PROVIDED ENTRIES:
= Beginning of Section =

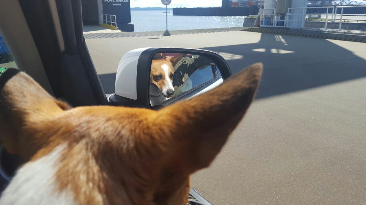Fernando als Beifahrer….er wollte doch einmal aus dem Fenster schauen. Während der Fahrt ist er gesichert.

= End of Section =
= Beginning of Section =

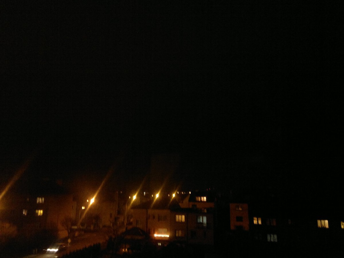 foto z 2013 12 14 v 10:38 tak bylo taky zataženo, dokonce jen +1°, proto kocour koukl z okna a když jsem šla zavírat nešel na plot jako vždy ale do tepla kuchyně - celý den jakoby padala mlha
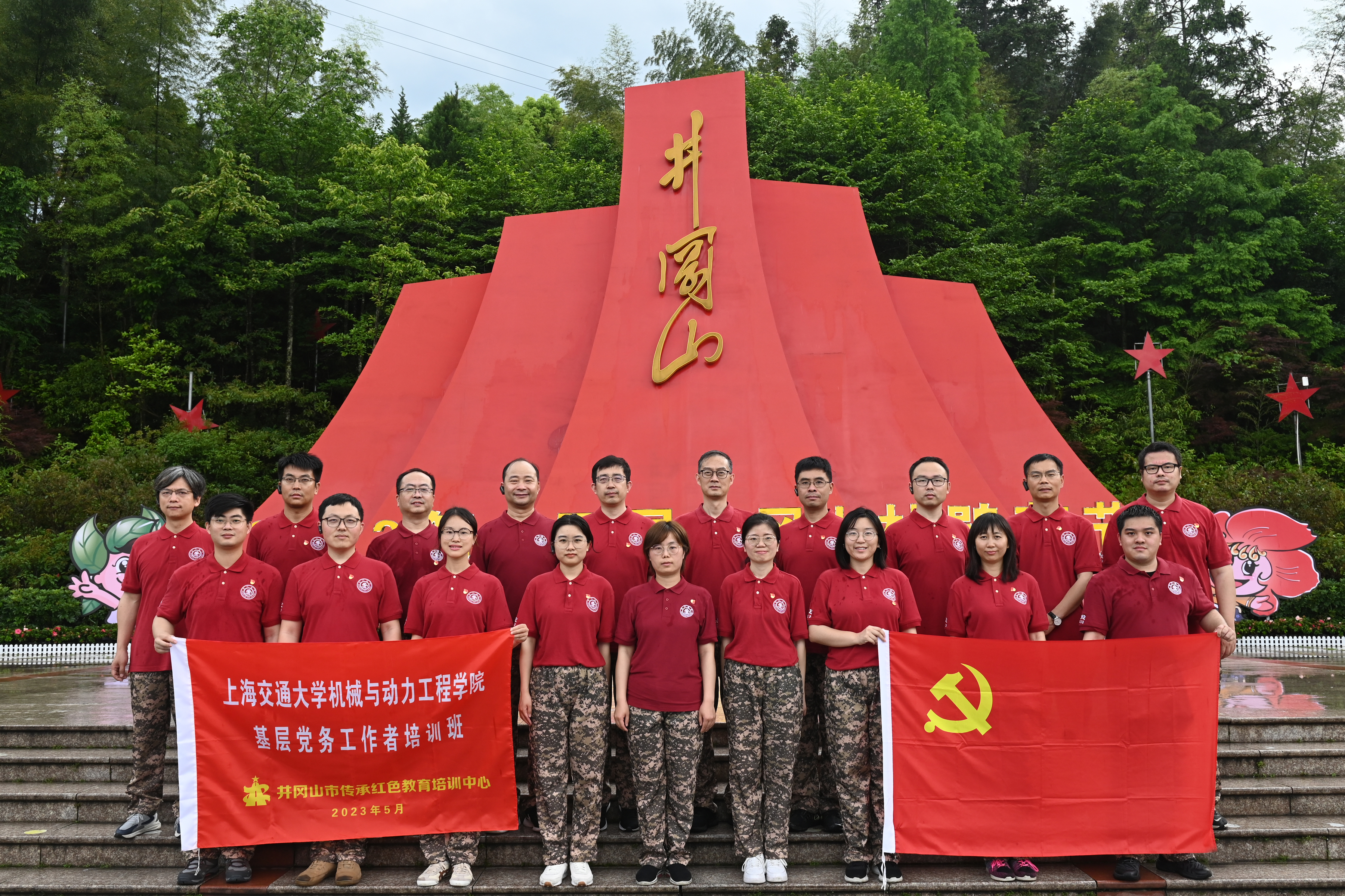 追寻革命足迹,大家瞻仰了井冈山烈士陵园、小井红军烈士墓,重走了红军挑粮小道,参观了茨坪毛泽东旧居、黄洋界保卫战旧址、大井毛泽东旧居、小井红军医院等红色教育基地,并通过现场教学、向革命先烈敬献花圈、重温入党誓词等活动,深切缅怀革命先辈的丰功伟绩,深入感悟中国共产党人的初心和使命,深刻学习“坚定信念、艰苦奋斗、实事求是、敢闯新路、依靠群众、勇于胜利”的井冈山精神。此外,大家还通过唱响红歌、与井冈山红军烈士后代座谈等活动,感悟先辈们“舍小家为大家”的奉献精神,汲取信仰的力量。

= End of Section =
= Beginning of Section =

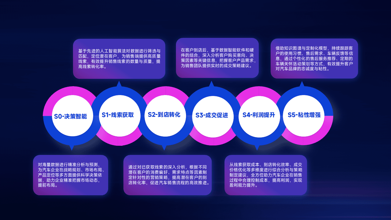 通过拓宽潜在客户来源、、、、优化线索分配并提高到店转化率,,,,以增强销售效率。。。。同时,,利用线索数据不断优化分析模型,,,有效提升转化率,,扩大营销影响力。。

= End of Section =

Write out exactly the lines above between the one with "foto z 2013" and the one with "追寻革命足迹,大家瞻仰了井冈", inclusive, with pictures left out.

RESULT OF THE EXERCISE:
 foto z 2013 12 14 v 10:38 tak bylo taky zataženo, dokonce jen +1°, proto kocour koukl z okna a když jsem šla zavírat nešel na plot jako vždy ale do tepla kuchyně - celý den jakoby padala mlha
 追寻革命足迹,大家瞻仰了井冈山烈士陵园、小井红军烈士墓,重走了红军挑粮小道,参观了茨坪毛泽东旧居、黄洋界保卫战旧址、大井毛泽东旧居、小井红军医院等红色教育基地,并通过现场教学、向革命先烈敬献花圈、重温入党誓词等活动,深切缅怀革命先辈的丰功伟绩,深入感悟中国共产党人的初心和使命,深刻学习“坚定信念、艰苦奋斗、实事求是、敢闯新路、依靠群众、勇于胜利”的井冈山精神。此外,大家还通过唱响红歌、与井冈山红军烈士后代座谈等活动,感悟先辈们“舍小家为大家”的奉献精神,汲取信仰的力量。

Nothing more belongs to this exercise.